The diagnosis of anaphylaxis was confirmed by autopsy in 40% of our cases. There was no difference in race, anaphylactic triggers or the clinical variables of lung disease (asthma and COPD) and heart disease between those with an autopsy confirmed diagnosis and those with a clinical diagnosis. However, those with an autopsy confirmed diagnosis were younger and more likely to be men than those with a clinical diagnosis. Nevertheless, we report a significantly higher death rate with increasing age. This suggests that underdiagnosis as a result of ascertainment bias (i.e. there were more anaphylactic deaths with increasing age although there were fewer autopsy confirmed diagnoses with increasing age) was not a significant factor in our analysis. We were unable to verify any of the diagnoses because of the retrospective nature of the study and because the deaths occurred throughout the state of Florida.
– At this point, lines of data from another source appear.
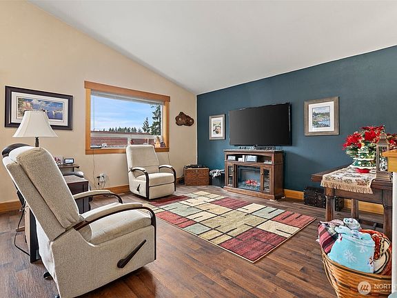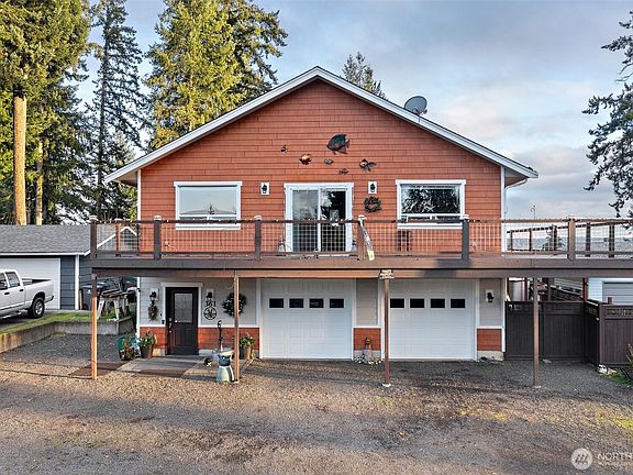 Treasure Island Home with views of Mt. Rainier, Olympic Mountains, Stretch Island, Fair Harbor Marina & Puget Sound. The upper floor is the heart of the home featuring an open concept floor plan w/ vaulted ceiling throughout the freshly finished kitchen w/ island & spacious living room. Relax on the wrap around deck sunrise to sunset. Primary bedroom, guest bedroom, full bathroom & utility room. Main floor features the Oversized Garage, workspace, 3/4 bath & storage room that could easily be converted into a main floor apartment. Private backyard, hot tub and guest cabin. Tons of Parking and RV space with Hook-Ups too! This coveted private island features a wonderful community beach and moorage dock for residents. Welcome Home!!
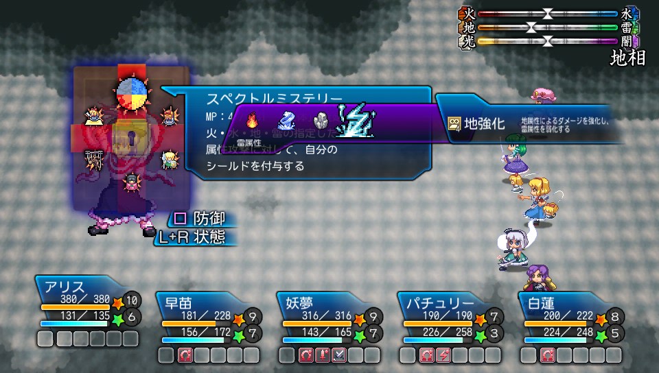 それから物理アタッカーとして妖夢を参加させ、白蓮のエレメンタルウェポンで地属性を付与します
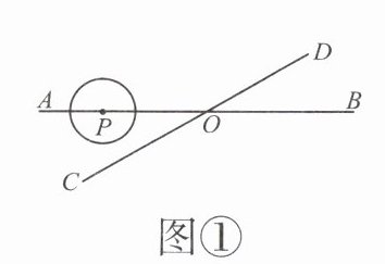 【例题2】如图①,直线$AB$,$CD交于点O$,$\angle AOC = 30^{\circ}$,半径为$1 cm的\odot P的圆心在射线OA$上,开始时$PO = 6 cm$. 如果$\odot P以1 cm/s的速度沿由点A向点B$的方向移动,那么当$\odot P的运动时间t$(单位:s)满足什么条件时,$\odot P与直线CD$相交?
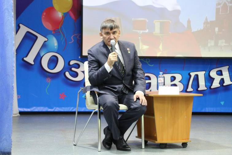 С учащимися МБОУ «Центр образования №15» г. Уфы встретился «Заслуженный военный летчик», Герой России Риф Раисович Сахабутдинов. Мероприятие началось с экскурса в историю России. Ребята подготовили трогательные видеоролики и слайд-шоу, вдохновенно рассказали стихи, посвященные важным событиям нашей страны – Куликовской, Полтавской битвам, Смутному времени, Бородинскому сражению, Афганской войне, Великой Отечественной войне и другим. Зрители завороженно следили за событиями на сцене.
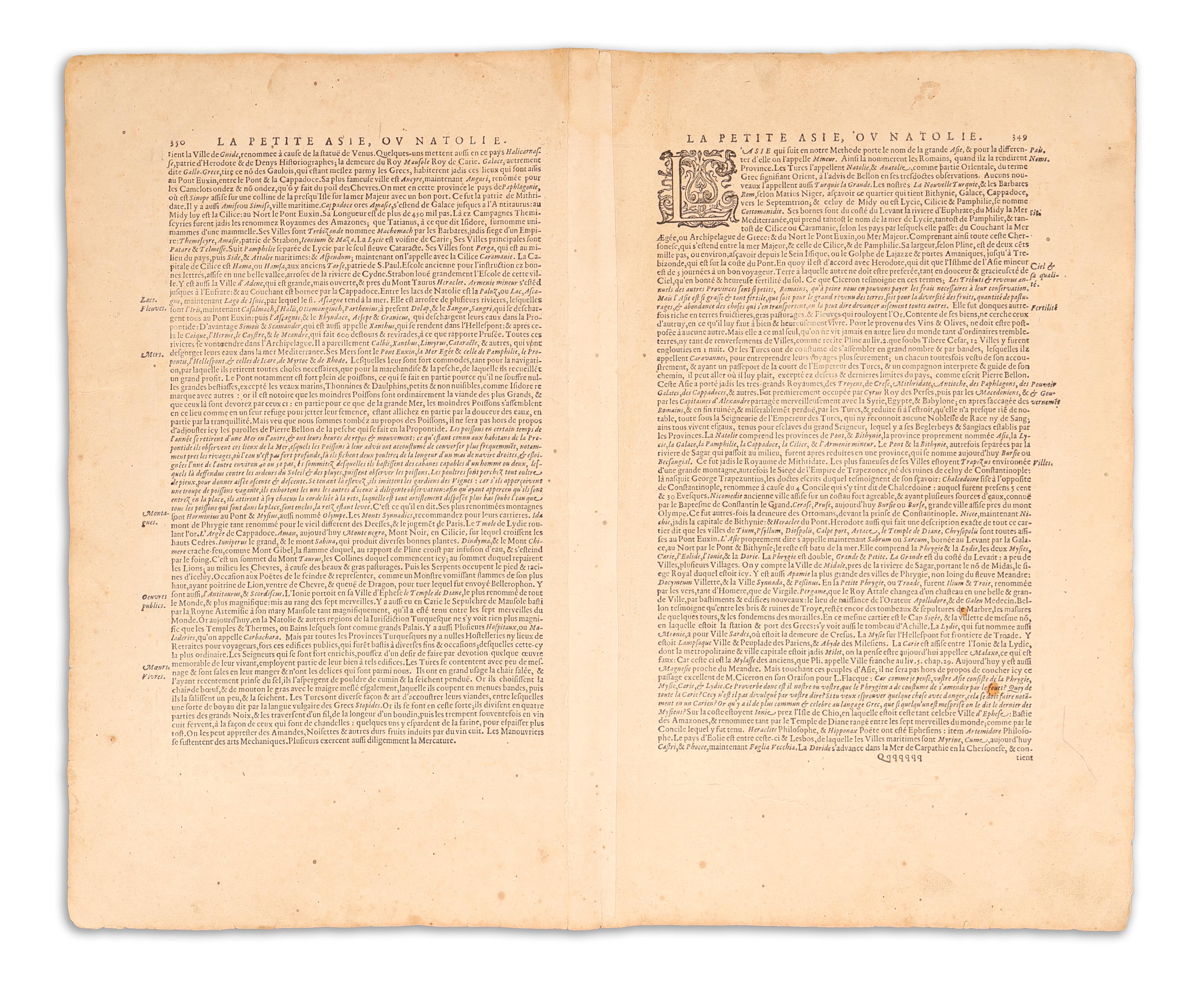 A hátoldalon francia nyelvű szöveg, oldalszám: 349, signum: Qqqqqqq. Jó állapotban, széles margókkal. A hajtás mentén a verson megerősítve.
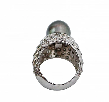 A questo ordine non verrà aggiunto alcun costo aggiuntivo. Le spese di spedizione sono totalmente a carico del venditore (dazi doganali inclusi). Questa politica non è applicabile agli articoli a prezzo fisso, agli articoli in asta, alle promozioni in corso e agli articoli in saldo; scrivere al venditore per ulteriori informazioni. Incredibile anello con struttura in oro bianco 14 kt montato con una perla grigia in una cornice di diamanti. Questo anello è stato realizzato totalmente a mano da maestri orafi italiani ed è in perfette condizioni. Diamanti 2.06 ct. Perla 2,90 gr - 12,5 mm. Peso totale 14.50 gr RF +FEHO. Italiano taglia 16. Usa taglia 7.5. Francese taglia 56. Per qualsiasi informazione, sentiti libero di contattare il venditore attraverso il centro messaggi.
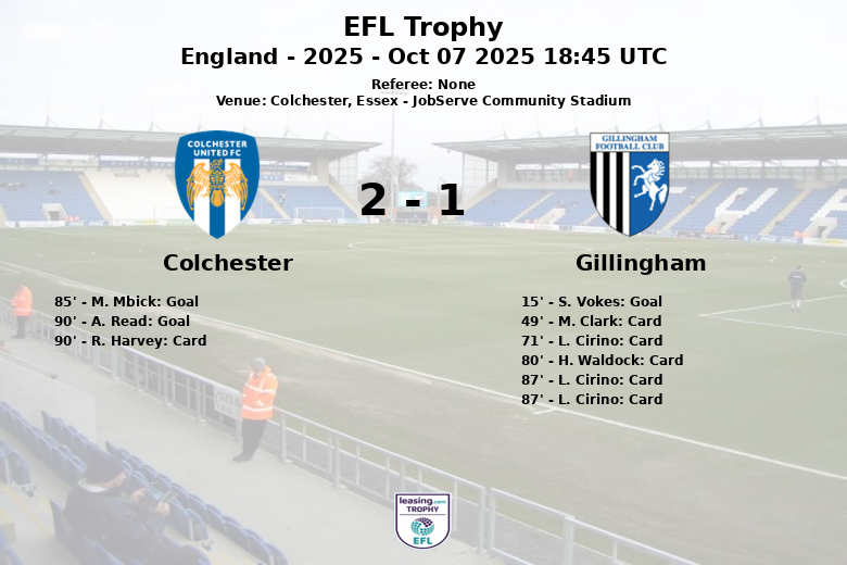 Colchester, Essex – Dans un match palpitant au JobServe Community Stadium, Colchester United a orchestré une remontée remarquable contre Gillingham lors de leur match de l’EFL Trophy, Southern – 2. Le match, qui s’est déroulé le 7 octobre 2025, s’est terminé par un résultat favorable à l’équipe locale.
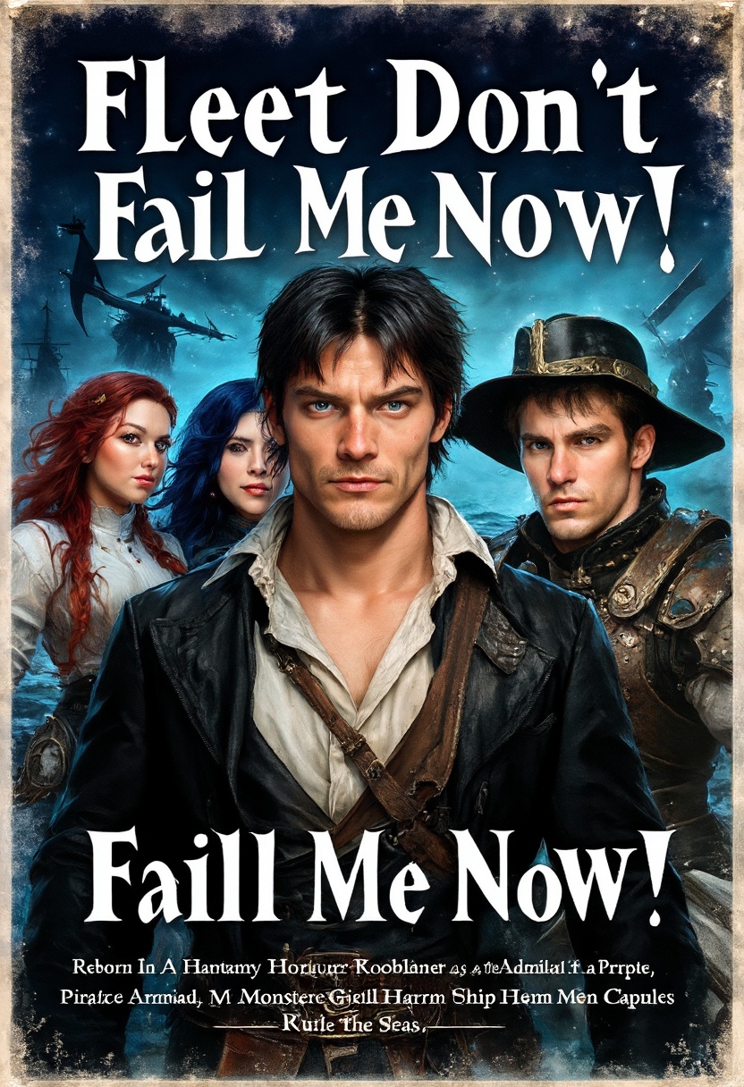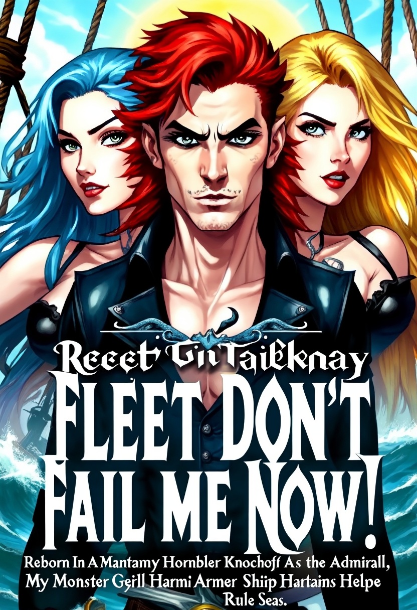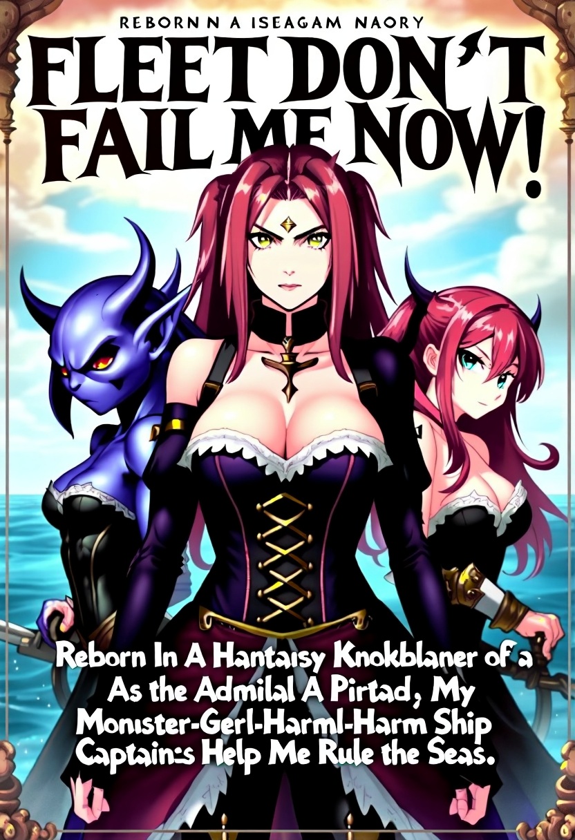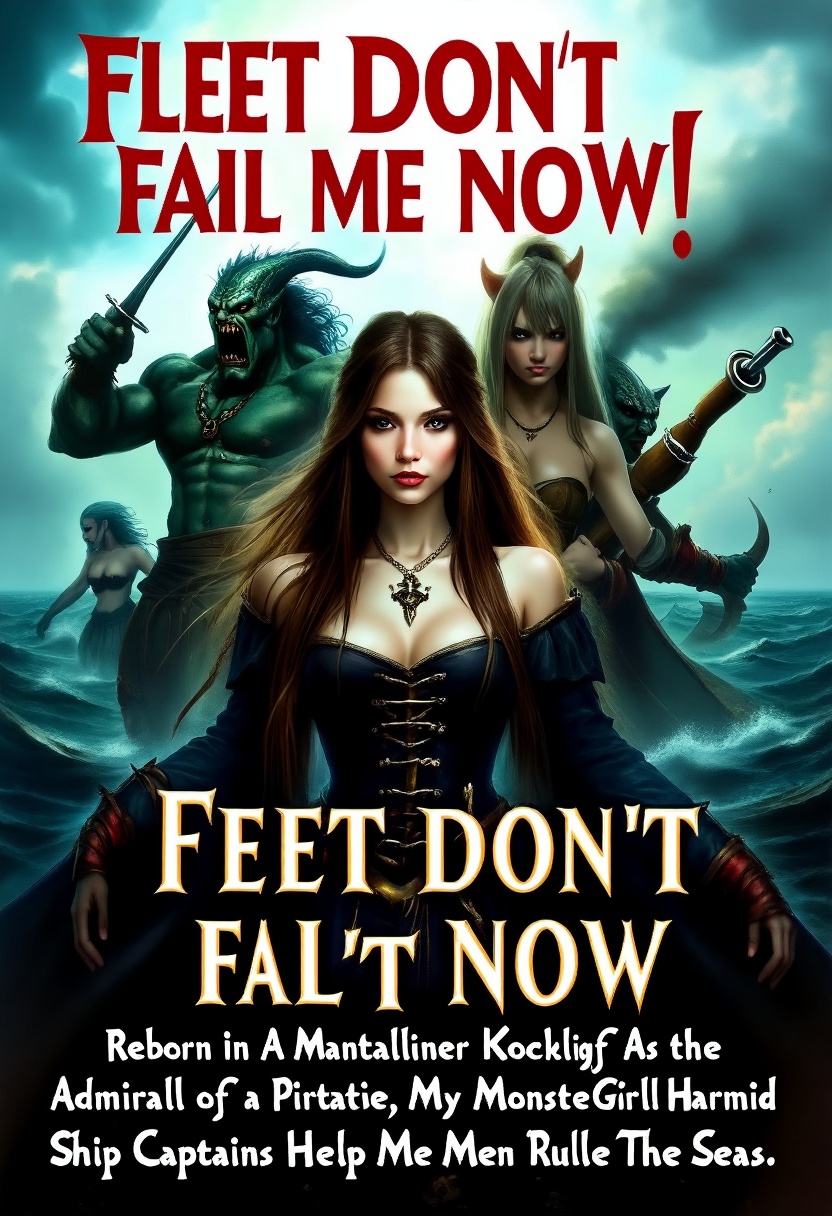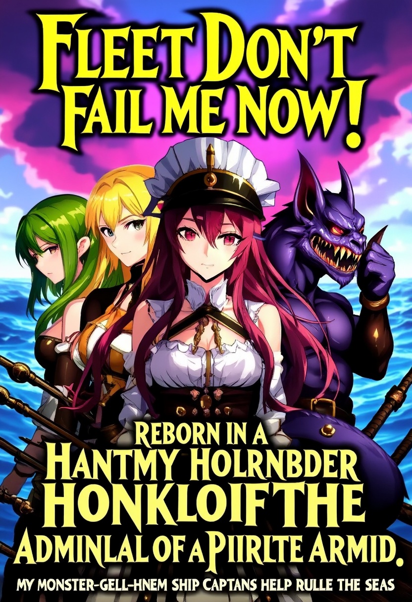 Prompt: Create a book cover for an isekai fantasy novel titled “Fleet Don’t Fail Me Now!” with the subtitle “Reborn In A Fantasy Hornblower Knockoff As The Admiral Of A Pirate Armada, My Monster-Girl-Harem Ship Captains Help Me Rule The Seas”. Include the male hero and his harem of monster girls. Use the entire image area for the cover. Make the image highly detailed and ultra textured. Precisely render the exact text of the title and subtitle in fantasy fonts.
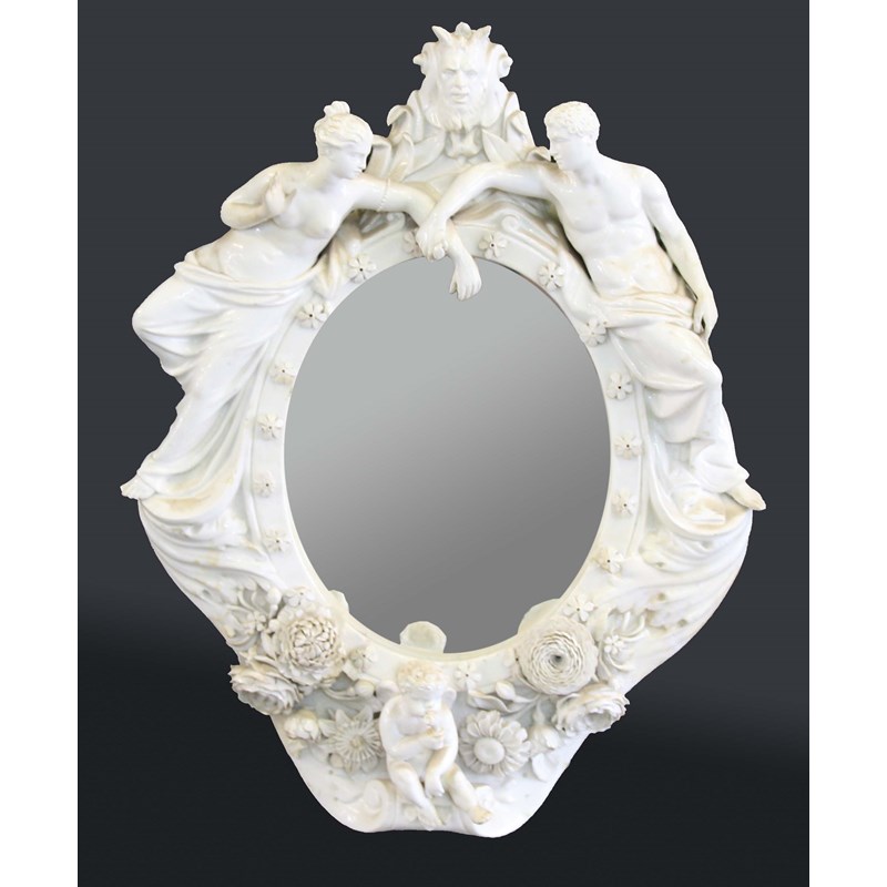 19th century, the oval plate inside a frame centred on a bust of satyr flanked by a classical male and female, the terminal with a cherub surrounded by encrusted flowers, in the white, indistinct signature to base, height 42cm, width 33cm

In conclusion, this large retrospective investigation of deaths from anaphylaxis in the State of Florida found an average annual incidence of 5.02 deaths per 10 000 000 people. People who were ≥65 years old and who were 35–64 years old, were 14.09 times and 6.38 times, respectively, as likely to die of anaphylaxis than those who were 5–14 years of age. Death from anaphylaxis was more likely to occur in an emergency department or clinic than in the hospital and was more likely to occur in March and April and in July and August than death from other causes.